- Genre: Sitcom
- Created by: Barry Kemp Mark Ganzel
- Starring: Bruce Norris Raye Birk Jeffrey Joseph Penelope Ann Miller John Christopher Jones Faith Ford
- Theme music composer: Gary Portnoy Judy Hart Angelo
- Composer: Tim Truman
- Country of origin: United States
- Original language: English
- No. of seasons: 1
- No. of episodes: 6

Production
- Camera setup: Multi-camera
- Running time: 30 minutes
- Production company: MTM Enterprises

Original release
- Network: CBS
- Release: March 23 – April 24, 1987

= The Popcorn Kid =

The Popcorn Kid is an American sitcom that aired on CBS from March 23, 1987, to April 24, 1987.

==Premise==
A 16-year-old working behind the candy counter of a movie theater in Kansas City dreams of someday being in show business.

==Cast==
- Bruce Norris as Scott Creasman, the "Popcorn Kid" of the series' title and, of course, the protagonist. A well-meaning yet trouble-prone sixteen-year-old high school student living in Kansas City, he is also an avid film enthusiast with dreams of making it big in movies. So far though, the closest he has come to achieving that dream is working as an usher and manning the candy counter at the Majestic Theatre, a local movie theatre that has seen better days.
- Raye Birk as Mr. Leonard Brown, the balding, disgruntled manager of the Majestic Theatre. Although Scott is often skating on thin ice where he is concerned, Mr.

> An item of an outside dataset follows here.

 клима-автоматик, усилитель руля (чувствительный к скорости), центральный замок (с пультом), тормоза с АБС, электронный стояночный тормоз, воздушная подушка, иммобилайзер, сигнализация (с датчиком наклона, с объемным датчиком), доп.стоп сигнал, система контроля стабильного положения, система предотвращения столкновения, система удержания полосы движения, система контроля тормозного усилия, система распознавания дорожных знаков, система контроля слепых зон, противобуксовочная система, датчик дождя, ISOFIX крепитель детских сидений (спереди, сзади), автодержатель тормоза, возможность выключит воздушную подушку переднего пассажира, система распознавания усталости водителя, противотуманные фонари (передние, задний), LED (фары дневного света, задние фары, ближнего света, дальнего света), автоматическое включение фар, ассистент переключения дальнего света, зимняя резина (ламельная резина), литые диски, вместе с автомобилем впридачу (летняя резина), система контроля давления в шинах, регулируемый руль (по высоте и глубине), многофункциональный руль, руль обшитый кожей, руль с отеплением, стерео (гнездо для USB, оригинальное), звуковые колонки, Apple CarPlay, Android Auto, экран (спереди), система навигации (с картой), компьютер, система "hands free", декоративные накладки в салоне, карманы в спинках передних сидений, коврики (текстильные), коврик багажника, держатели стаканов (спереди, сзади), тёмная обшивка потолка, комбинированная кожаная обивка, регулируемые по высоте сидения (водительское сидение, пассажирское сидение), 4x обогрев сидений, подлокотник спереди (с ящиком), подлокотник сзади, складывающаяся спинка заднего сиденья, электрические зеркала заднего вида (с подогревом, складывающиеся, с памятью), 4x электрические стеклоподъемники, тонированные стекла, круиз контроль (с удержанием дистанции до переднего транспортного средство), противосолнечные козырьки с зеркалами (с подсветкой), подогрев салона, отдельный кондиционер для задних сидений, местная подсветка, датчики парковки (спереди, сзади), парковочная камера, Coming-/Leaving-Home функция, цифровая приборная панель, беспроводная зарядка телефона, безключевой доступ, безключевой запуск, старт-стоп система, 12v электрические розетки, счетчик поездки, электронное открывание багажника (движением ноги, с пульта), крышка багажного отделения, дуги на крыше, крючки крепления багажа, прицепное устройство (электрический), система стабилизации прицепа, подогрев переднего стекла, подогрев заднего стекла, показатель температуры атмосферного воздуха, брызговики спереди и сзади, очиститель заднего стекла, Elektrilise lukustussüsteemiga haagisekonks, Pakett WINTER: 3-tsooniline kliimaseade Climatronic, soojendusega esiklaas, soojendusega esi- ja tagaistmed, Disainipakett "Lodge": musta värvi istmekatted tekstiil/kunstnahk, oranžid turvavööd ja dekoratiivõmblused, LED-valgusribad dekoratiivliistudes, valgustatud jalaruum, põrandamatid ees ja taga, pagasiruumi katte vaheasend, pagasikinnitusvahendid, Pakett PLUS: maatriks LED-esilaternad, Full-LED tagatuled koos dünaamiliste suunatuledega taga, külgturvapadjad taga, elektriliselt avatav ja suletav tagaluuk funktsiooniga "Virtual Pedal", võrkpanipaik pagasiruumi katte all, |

Brown never carries out his frequent threats to fire him, probably because Scott has helped him to save some face on more than one occasion. When he is not at the ticket booth or shut up in his office going over the books, he is coming up with schemes to make more money for the theatre and impress the owner Mr. Tuttle, which usually prove ineffective. He is normally very conservative, but has been known to go berserk when things go really wrong. His one soft spot seems to be his wife Lorraine, whom he wants to please almost as badly as he wants to please Mr. Tuttle.
- Jeffrey Joseph as Willie Dawson, a football star at the same high school Scott attends, and the only other male usher at the Majestic. He views his potential career in football primarily as a means of attracting girls. Often he shows up late to work because of football practice, but invariably avoids getting caught by Mr. Brown.
- Penelope Ann Miller as Gwen Stottlemeyer, another student from the same high school as the other ushers at the Majestic Theatre. Although she sometimes comes across as snarky, she is a loyal friend to Scott, on whom she has a secret crush, and also has been known to offer help or advice to other people, even Mr. Brown. She frequently gets exasperated with her fellow usherette Lynn Holly over the fact that while Gwen is rarely recognized for the hard work she does, Lynn Holly effortlessly skates by on good looks and her parents' wealth.
- John Christopher Jones as Marlin Bond, the projectionist at the theatre. Although Marlin is older and a bit of an oddball, Scott shares a bond with him over their mutual love of movies, and often hangs out with him in the projection booth despite the fact he is not supposed to be there. Marlin lives in a perennial cloudland in and out of his booth, quoting and acting out scenes from old movies, but he occasionally drops some good advice amidst his ramblings.
- Faith Ford as Lynn Holly Brickhouse, a spoiled, ditzy blonde cheerleader at the same high school her co-workers at the Majestic go to. She is the newest member of the staff, and got the job through her wealthy parents' influence. Scott has a hopeless crush on her, but despite the fact that he sits behind her at school, she barely knows he's alive. She is often either sitting on the candy counter chatting with her friends or preening herself in front of the mirror in the staff washroom, much to the annoyance of the other ushers.

==Episodes==

| No. | Title | Directed by | Written by | Original release date | Prod. code |
| 1 | "Pilot" | Will Mackenzie | Mark Ganzel & Barry Kemp | March 23, 1987 | 1334 |
Scott starts a campaign to prevent the renovation of the Majestic Theater.
| 2 | "There She Is, Vic Damone" | David Steinberg | Irene Mecchi | March 27, 1987 | 6503 |
Lynn Holly gets help from Scott to prepare for the Dream Queen Pageant.
| 3 | "Career Day" | Will Mackenzie | Mark Ganzel & Barry Kemp | April 3, 1987 | 6501 |
Scott's father wants him to attend career day and give up his dreams of show business.
| 4 | "The Break-Up" | Will Mackenzie | Mark Ganzel & Barry Kemp | April 10, 1987 | 6505 |
Lynn Holly dumps her Marine boyfriend to be with Scott.
| 5 | "A Day in the Life of Ed Asner" | James Gardner | Mark Egan & Mark Solomon | April 17, 1987 | 6504 |
Marlin arranges an Edward Asner film festival, which is threatened by a tornado. Edward Asner guest stars as himself.
| 6 | "A Car, a House, a Mouse and a Louse" | David Steinberg | Mark Ganzel & Barry Kemp | April 24, 1987 | 6506 |
The movie theater is held up by a mugger.